Example 1 A 0.95 cm single-screw extruder adapted with an 8-hole spinner was used to weave monofilaments based on 100 percent thermoplastic hydroxy-functional polyether. The melting temperature was 200 ° C. fibers were wound onto coils without additional stretching.

Example 2 Two component fibers containing polypropylene were woven as the core and a polyether functionalized with thermoplastic hydroxy as the shell. Two single screw extruders were used, one feeding the polypropylene and the other feeding the polyether functionalized with thermoplastic hydroxy. The extruders fed the fused polymers (the melting temperature was 200 ° C) to a spinner of 288 holes where the two-component fibers were woven. Fibers were woven with ratios of polypropylene: polyether functionalized with thermoplastic hydroxy 90:10, 80:20, 70:30, 40:60 and 50:50. The fibers were also stretched after leaving the spinner using extenders rollers and then removing them in the bobbins.

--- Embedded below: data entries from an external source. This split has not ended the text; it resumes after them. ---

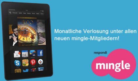 Unter allen mingle-Mitgliedern wird monatlich ein Kindle Fire HD eBook-Reader verlost. Wie kannst du an dem Wettbewerb von mingle teilnehmen? Melde dich einfach gratis an und schon hüpfst du in den Lostopf, um an der monatlichen Verlosung teilzunehmen.
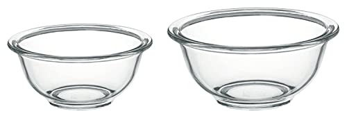 イワキの丸型ボウルです。耐熱ガラス製の500mlサイズですし、キッチンで使い心地がいいと思います。900mlも付いていますよ。
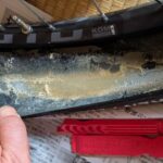 バッグ底のエッジ部保護の縁取り布がタイヤに擦れたようで、
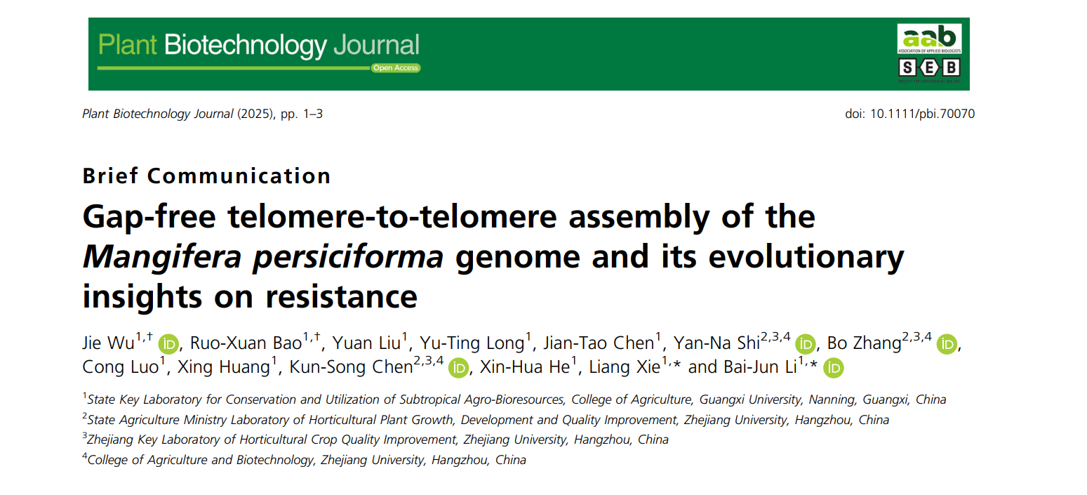 近日,suncitygroup太阳集团芒果团队在相关研究中取得重要进展,成果‘Gap-free telomere-to-telomere assembly of the Mangifera persiciforma genome and its evolutionary insights on resistance’在期刊Plant Biotechnology Journal发表。该团队首次完成了天桃木T2T基因组组装,获得了大小为 382,840,341 bp的高质量基因组。
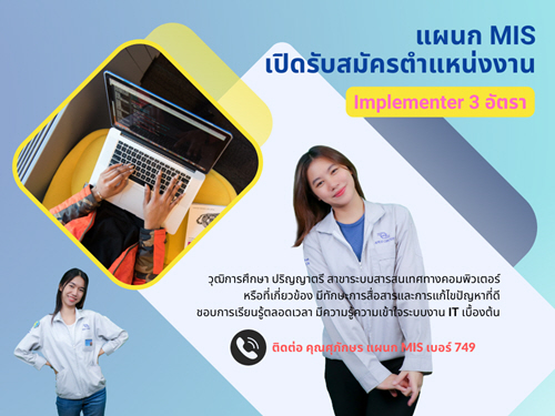 แผนก MIS เปิดรับสมัครตำแหน่งงาน Implementer 3 อัตรา
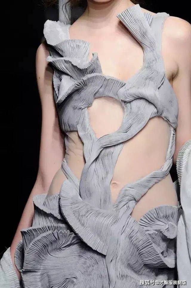三宅一生的褶皱设计带有明显解构主义,对传统服装的观念造成了强烈冲击。
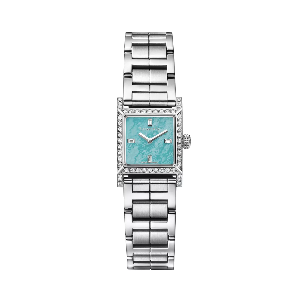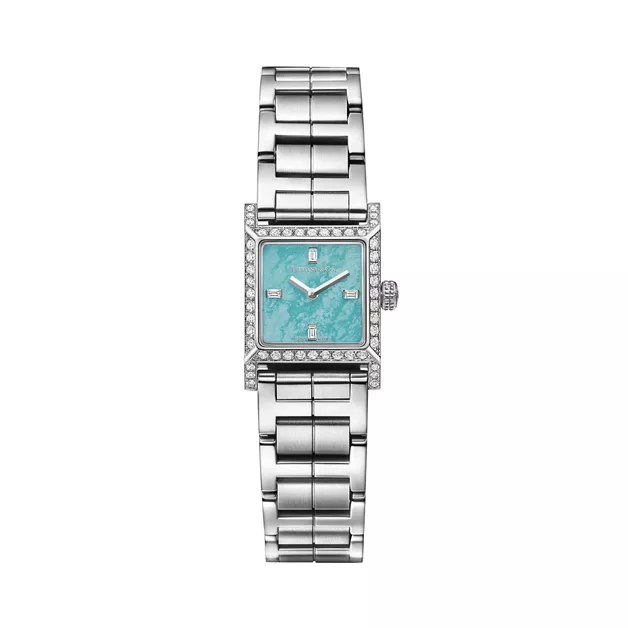 3. Tiffany 1837:Makers 16 mm Square Watch in Stainless Steel with a Turquoise Dial and Diamonds
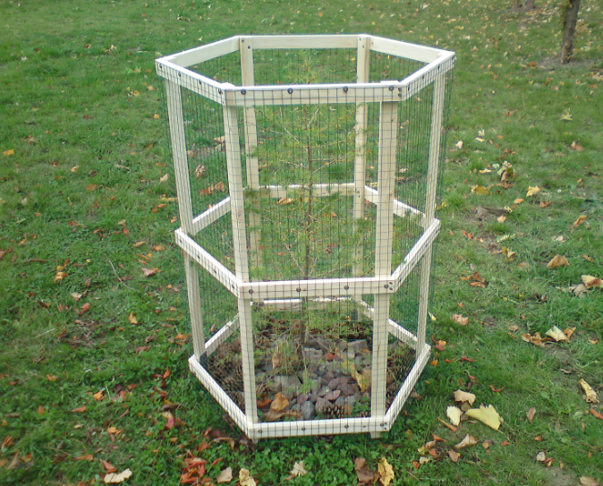 Zum Schutz gegen starken Wind und Fraßschäden wurde das Bäumchen in einen Käfig gestellt. Die Zapfen am Boden beschatten den Wurzelbereich und sind ein sehr zuverlässiger Feuchtigkeitsanzeiger.
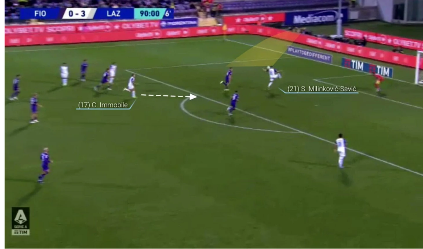 Почти незаметное движение Иммобиле также имеет решающее значение, поскольку он отдаляется от защитника ровно настолько, сколько необходимо, чтобы позволить мячу Милинковича-Савича дойти до него.
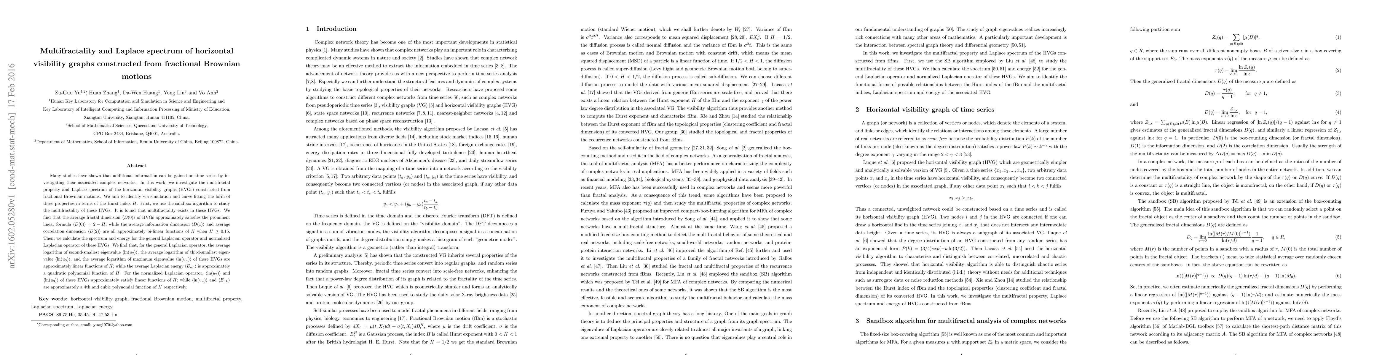 Many studies have shown that additional information can be gained on time series by investigating their associated complex networks. In this work, we investigate the multifractal property and Laplace spectrum of the horizontal visibility graphs (HVGs) constructed from fractional Brownian motions. We aim to identify via simulation and curve fitting the form of these properties in terms of the Hurst index $H$. First, we use the sandbox algorithm to study the multifractality of these HVGs. It is found that multifractality exists in these HVGs. We find that the average fractal dimension $\langle D(0)\rangle$ of HVGs approximately satisfies the prominent linear formula $\langle D(0)\rangle = 2 - H$; while the average information dimension $\langle D(1)\rangle$ and average correlation dimension $\langle D(2)\rangle$ are all approximately bi-linear functions of $H$ when $H\ge 0.15$. Then, we calculate the spectrum and energy for the general Laplacian operator and normalized Laplacian operator of these HVGs. We find that, for the general Laplacian operator, the average logarithm of second-smallest eigenvalue $\langle \ln (u_2) \rangle$, the average logarithm of third-smallest eigenvalue $\langle \ln (u_3) \rangle$, and the average logarithm of maximum eigenvalue $\langle \ln (u_n) \rangle$ of these HVGs are approximately linear functions of $H$; while the average Laplacian energy $\langle E_{nL} \rangle$ is approximately a quadratic polynomial function of $H$. For the normalized Laplacian operator, $\langle \ln (u_2) \rangle$ and $\langle \ln (u_3) \rangle$ of these HVGs approximately satisfy linear functions of $H$; while $\langle \ln (u_n) \rangle$ and $\langle E_{nL} \rangle$ are approximately a 4th and cubic polynomial function of $H$ respectively.
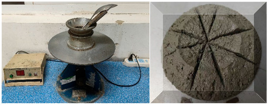 The fluidity of cement mortar was determined according to the Test Method for Fluidity of Cement Mortar (GB/T 2419-2005) [32]. After the mixed mortar was poured into a conical frustum mold mounted on the flow table apparatus, the spread diameters were measured to assess flow characteristics, with the experimental setup and procedure documented in Figure 1.

Example 3 A poly (hydroxy amino ether) polyether amine (derived from the reaction of diglycidyl ether of bisphenol A and ethanolamide) and a polypropylene were woven into two-component fibers. He p or I i (h i d roxi amino ether) had an IFF (melt flow index) of 8 to 230 ° C using a weight of 2.16 kg. The polypropylene source was a 35 IFF Pro-fax ™ PF635 polypropylene from Montell. This dewatered / core two component fiber was produced under the conditions mentioned in Table I. Table I Example 4 A two-component cover / polypropylene core fiber of 30/70 w / w (w / w) of poly (hydroxy amino) ether (derived from the reaction of diglycidyl ether of bisphenol A and ethanolamide) was treated in a Tech Tex texturing unit to impart a ripple. This equipment uses the stiffness box method for texturing. The textured yarn was cut into the discontinuous 5 cm long fiber in an Ace Strip cutter. Model C-75. After the curling and discontinuous cutting operations, the fiber was opened in a microdenier metal card with 30.5 cm width in batches of 30 grams. The open fiber was then used to produce a set on a sample card line. This carding set was basted in a James Hunter Fiber Basting machine to give a spun fabric with resultant needles.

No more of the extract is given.